Please print the entries below exactly, from the line with "는 3월 11일 시행되는" through the line with "지능형 디지털 디스플레이", including both of those lines and leaving out all others.

**Exercise input**
▬▬▬▬▬▬▬▬▬▬
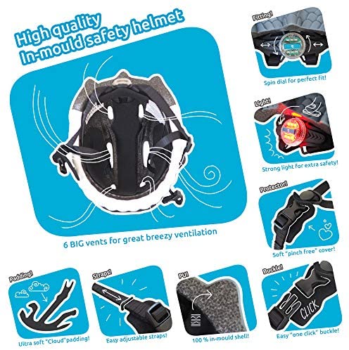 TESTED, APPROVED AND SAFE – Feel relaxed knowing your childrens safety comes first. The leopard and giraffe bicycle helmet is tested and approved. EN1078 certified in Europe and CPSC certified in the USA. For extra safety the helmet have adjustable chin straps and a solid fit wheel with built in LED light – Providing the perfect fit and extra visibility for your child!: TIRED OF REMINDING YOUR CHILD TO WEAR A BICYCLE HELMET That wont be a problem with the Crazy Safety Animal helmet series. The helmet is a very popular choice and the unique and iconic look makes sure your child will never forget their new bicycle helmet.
▬▬▬▬▬▬▬▬▬▬
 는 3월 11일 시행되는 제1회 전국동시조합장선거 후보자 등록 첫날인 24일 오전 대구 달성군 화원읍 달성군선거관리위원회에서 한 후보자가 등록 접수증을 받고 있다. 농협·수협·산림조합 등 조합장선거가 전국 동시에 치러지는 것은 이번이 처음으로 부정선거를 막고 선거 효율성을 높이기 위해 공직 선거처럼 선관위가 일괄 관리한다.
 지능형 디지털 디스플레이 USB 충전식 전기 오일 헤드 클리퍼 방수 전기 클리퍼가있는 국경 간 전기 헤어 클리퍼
▬▬▬▬▬▬▬▬▬▬
**Written solution**
 는 3월 11일 시행되는 제1회 전국동시조합장선거 후보자 등록 첫날인 24일 오전 대구 달성군 화원읍 달성군선거관리위원회에서 한 후보자가 등록 접수증을 받고 있다. 농협·수협·산림조합 등 조합장선거가 전국 동시에 치러지는 것은 이번이 처음으로 부정선거를 막고 선거 효율성을 높이기 위해 공직 선거처럼 선관위가 일괄 관리한다.
 지능형 디지털 디스플레이 USB 충전식 전기 오일 헤드 클리퍼 방수 전기 클리퍼가있는 국경 간 전기 헤어 클리퍼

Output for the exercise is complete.